- Dataset section -

____________

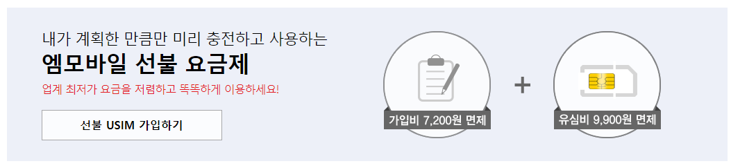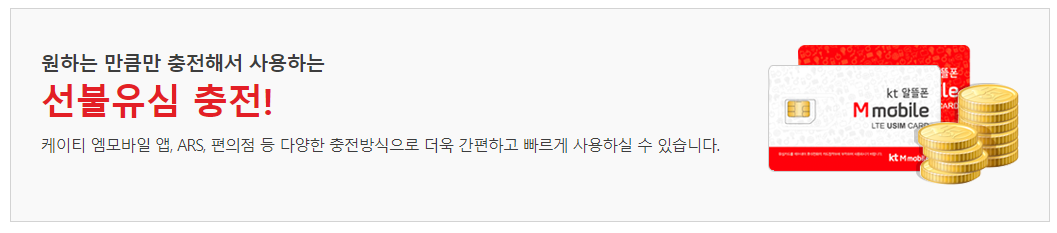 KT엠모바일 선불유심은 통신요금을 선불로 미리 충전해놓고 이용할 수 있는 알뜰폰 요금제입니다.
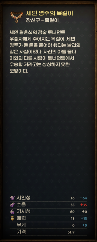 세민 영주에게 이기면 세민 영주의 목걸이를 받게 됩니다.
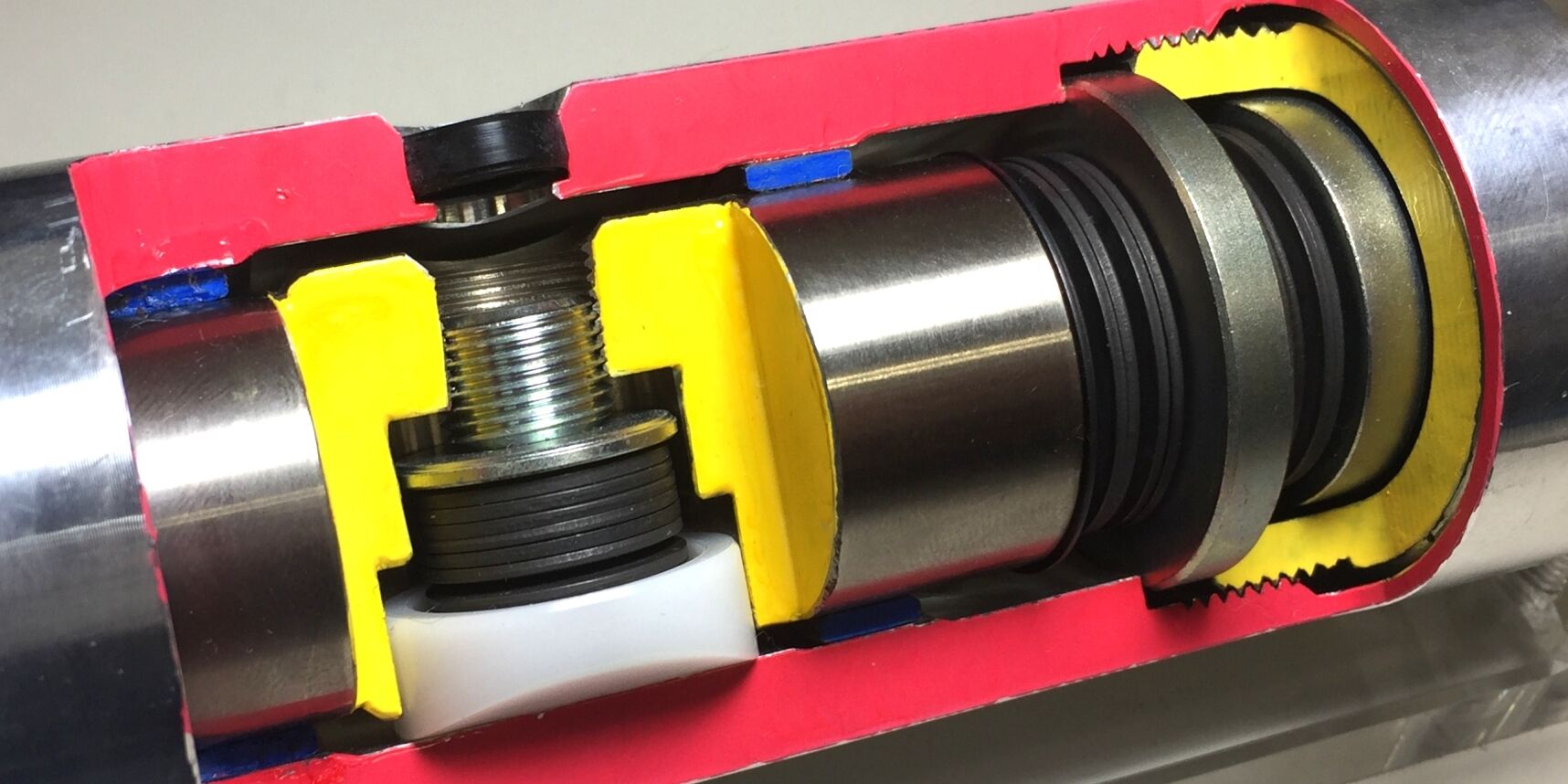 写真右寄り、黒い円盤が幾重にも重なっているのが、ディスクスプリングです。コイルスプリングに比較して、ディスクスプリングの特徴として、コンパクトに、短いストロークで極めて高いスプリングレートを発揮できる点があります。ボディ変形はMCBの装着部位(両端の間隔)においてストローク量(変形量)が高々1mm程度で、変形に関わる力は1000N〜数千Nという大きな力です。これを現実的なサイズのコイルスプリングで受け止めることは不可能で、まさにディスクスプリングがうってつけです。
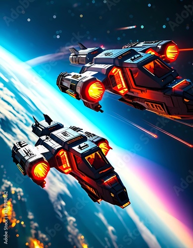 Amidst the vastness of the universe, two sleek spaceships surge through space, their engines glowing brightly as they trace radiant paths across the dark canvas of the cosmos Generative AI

____________

Repeat only the stretch of data above that runs from the line with "세민 영주에게 이기면 세민 영주의 목걸이를 받게 됩니다." to the line with "写真右寄り、黒い円盤が幾重に". Keep both end lines; exclude pictures.

 세민 영주에게 이기면 세민 영주의 목걸이를 받게 됩니다.
 写真右寄り、黒い円盤が幾重にも重なっているのが、ディスクスプリングです。コイルスプリングに比較して、ディスクスプリングの特徴として、コンパクトに、短いストロークで極めて高いスプリングレートを発揮できる点があります。ボディ変形はMCBの装着部位(両端の間隔)においてストローク量(変形量)が高々1mm程度で、変形に関わる力は1000N〜数千Nという大きな力です。これを現実的なサイズのコイルスプリングで受け止めることは不可能で、まさにディスクスプリングがうってつけです。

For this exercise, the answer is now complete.